::: SOURCE MATERIAL

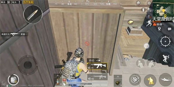 4、天堂度假村一般来说信号接收区还不错,不是太需要关心跑圈的问题,在我们的落点大仓前面就是一个刷车点,需要转移我们也可以原路返回,也非常的近非常方便。
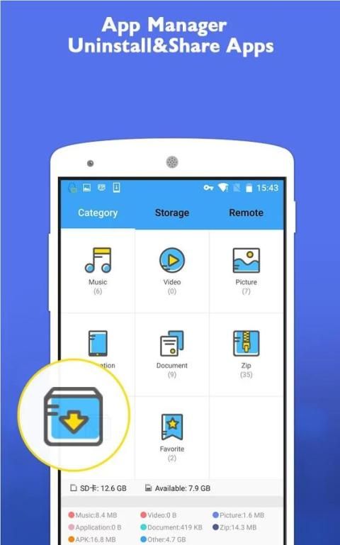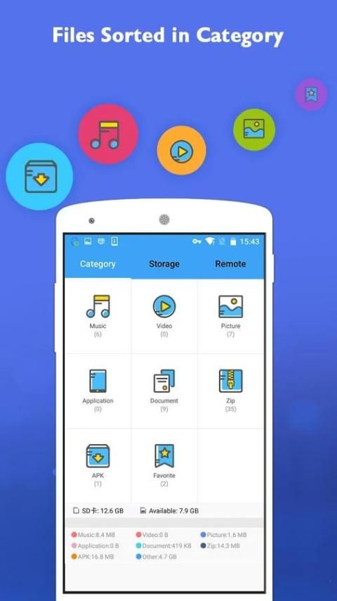 Файловый менеджер обеспечивает быстрый доступ к определенному файлу, он использует виджет для доступа к папкам в одном кране с главного экрана, таких как музыка, видео, изображения, приложения, застежка-молния, и APK. Она также позволяет просматривать и получать доступ к файлам по категориям.
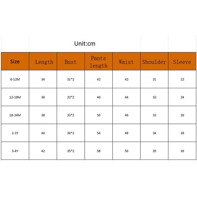 6-12M Tops Length: 34Bust: 62Sleeve: 22Shoulder: 31Pants Length: 42Waist: 42 Advised Age: 6-12 Months

::::::

### TASK STATEMENT
The material above should be printed again exactly, with each picture left out.

### RESPONSE TO THE TASK
 4、天堂度假村一般来说信号接收区还不错,不是太需要关心跑圈的问题,在我们的落点大仓前面就是一个刷车点,需要转移我们也可以原路返回,也非常的近非常方便。
 Файловый менеджер обеспечивает быстрый доступ к определенному файлу, он использует виджет для доступа к папкам в одном кране с главного экрана, таких как музыка, видео, изображения, приложения, застежка-молния, и APK. Она также позволяет просматривать и получать доступ к файлам по категориям.
 6-12M Tops Length: 34Bust: 62Sleeve: 22Shoulder: 31Pants Length: 42Waist: 42 Advised Age: 6-12 Months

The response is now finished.